─── DATA EXCERPT ───

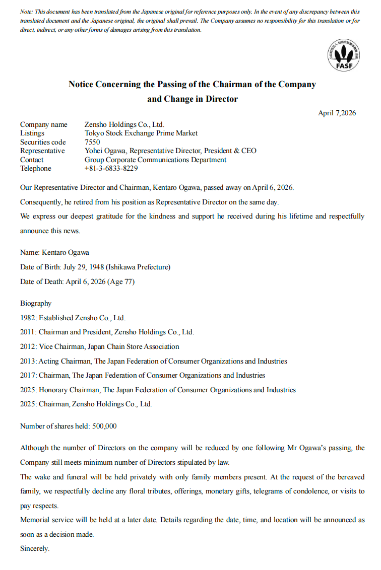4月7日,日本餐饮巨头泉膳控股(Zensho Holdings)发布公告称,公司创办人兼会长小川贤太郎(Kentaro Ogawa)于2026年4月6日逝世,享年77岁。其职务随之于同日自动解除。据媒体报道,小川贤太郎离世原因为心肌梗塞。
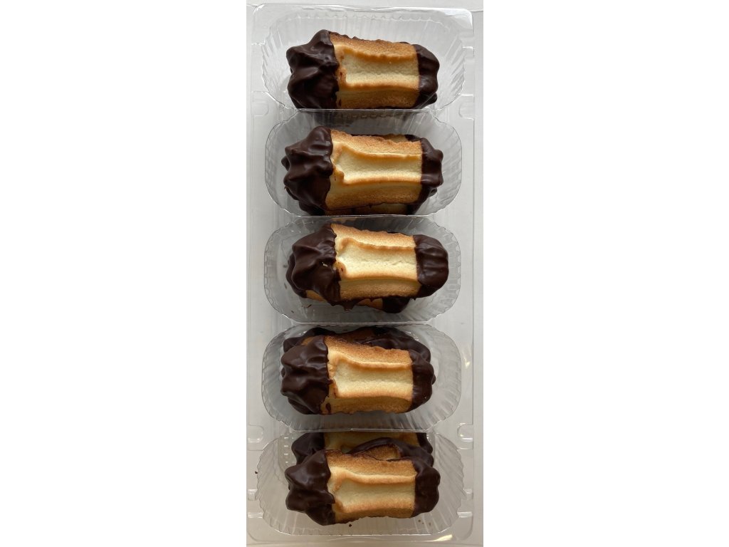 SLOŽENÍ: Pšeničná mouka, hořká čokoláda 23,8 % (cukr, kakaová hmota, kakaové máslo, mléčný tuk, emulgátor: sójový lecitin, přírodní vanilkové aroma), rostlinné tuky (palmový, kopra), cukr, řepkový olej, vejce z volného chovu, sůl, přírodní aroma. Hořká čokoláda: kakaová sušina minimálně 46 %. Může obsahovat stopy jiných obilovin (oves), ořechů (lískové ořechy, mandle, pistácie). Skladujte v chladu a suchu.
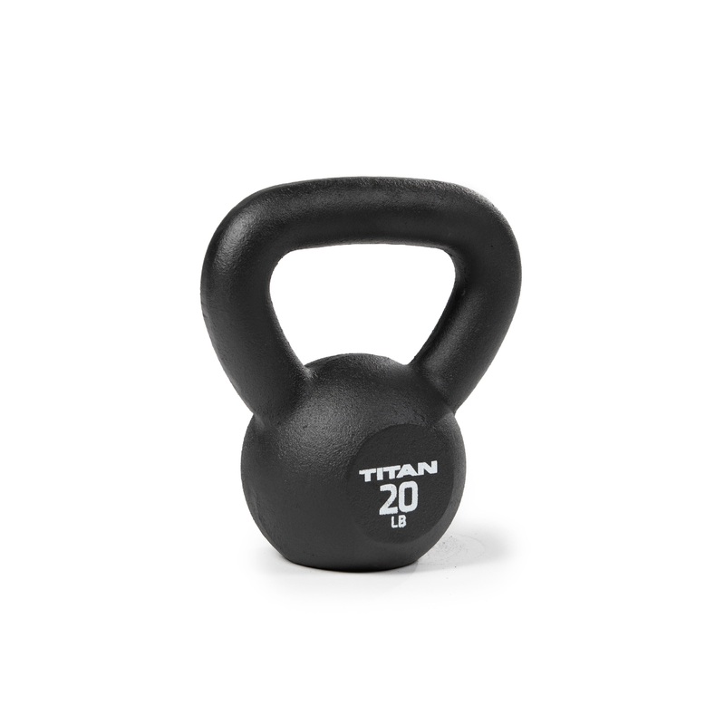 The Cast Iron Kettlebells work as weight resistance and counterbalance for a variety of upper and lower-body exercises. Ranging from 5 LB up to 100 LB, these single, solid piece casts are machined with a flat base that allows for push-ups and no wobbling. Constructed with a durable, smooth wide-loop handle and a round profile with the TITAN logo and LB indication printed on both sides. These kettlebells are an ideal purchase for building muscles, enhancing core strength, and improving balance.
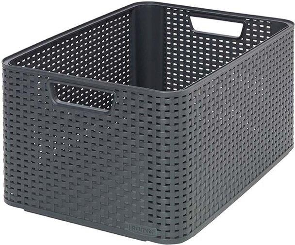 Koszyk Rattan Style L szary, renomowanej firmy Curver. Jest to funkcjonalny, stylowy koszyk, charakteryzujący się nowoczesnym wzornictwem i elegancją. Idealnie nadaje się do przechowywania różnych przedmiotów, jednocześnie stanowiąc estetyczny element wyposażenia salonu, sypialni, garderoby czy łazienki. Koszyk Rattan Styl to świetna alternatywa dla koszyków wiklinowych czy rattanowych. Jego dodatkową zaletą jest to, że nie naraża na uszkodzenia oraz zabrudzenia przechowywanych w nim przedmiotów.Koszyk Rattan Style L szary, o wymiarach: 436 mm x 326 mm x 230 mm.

───

WHAT YOU ARE ASKED TO DO: Produce an exact copy of each line of data, skipping embedded images.

ANSWER TO THE EXERCISE:
4月7日,日本餐饮巨头泉膳控股(Zensho Holdings)发布公告称,公司创办人兼会长小川贤太郎(Kentaro Ogawa)于2026年4月6日逝世,享年77岁。其职务随之于同日自动解除。据媒体报道,小川贤太郎离世原因为心肌梗塞。
 SLOŽENÍ: Pšeničná mouka, hořká čokoláda 23,8 % (cukr, kakaová hmota, kakaové máslo, mléčný tuk, emulgátor: sójový lecitin, přírodní vanilkové aroma), rostlinné tuky (palmový, kopra), cukr, řepkový olej, vejce z volného chovu, sůl, přírodní aroma. Hořká čokoláda: kakaová sušina minimálně 46 %. Může obsahovat stopy jiných obilovin (oves), ořechů (lískové ořechy, mandle, pistácie). Skladujte v chladu a suchu.
 The Cast Iron Kettlebells work as weight resistance and counterbalance for a variety of upper and lower-body exercises. Ranging from 5 LB up to 100 LB, these single, solid piece casts are machined with a flat base that allows for push-ups and no wobbling. Constructed with a durable, smooth wide-loop handle and a round profile with the TITAN logo and LB indication printed on both sides. These kettlebells are an ideal purchase for building muscles, enhancing core strength, and improving balance.
 Koszyk Rattan Style L szary, renomowanej firmy Curver. Jest to funkcjonalny, stylowy koszyk, charakteryzujący się nowoczesnym wzornictwem i elegancją. Idealnie nadaje się do przechowywania różnych przedmiotów, jednocześnie stanowiąc estetyczny element wyposażenia salonu, sypialni, garderoby czy łazienki. Koszyk Rattan Styl to świetna alternatywa dla koszyków wiklinowych czy rattanowych. Jego dodatkową zaletą jest to, że nie naraża na uszkodzenia oraz zabrudzenia przechowywanych w nim przedmiotów.Koszyk Rattan Style L szary, o wymiarach: 436 mm x 326 mm x 230 mm.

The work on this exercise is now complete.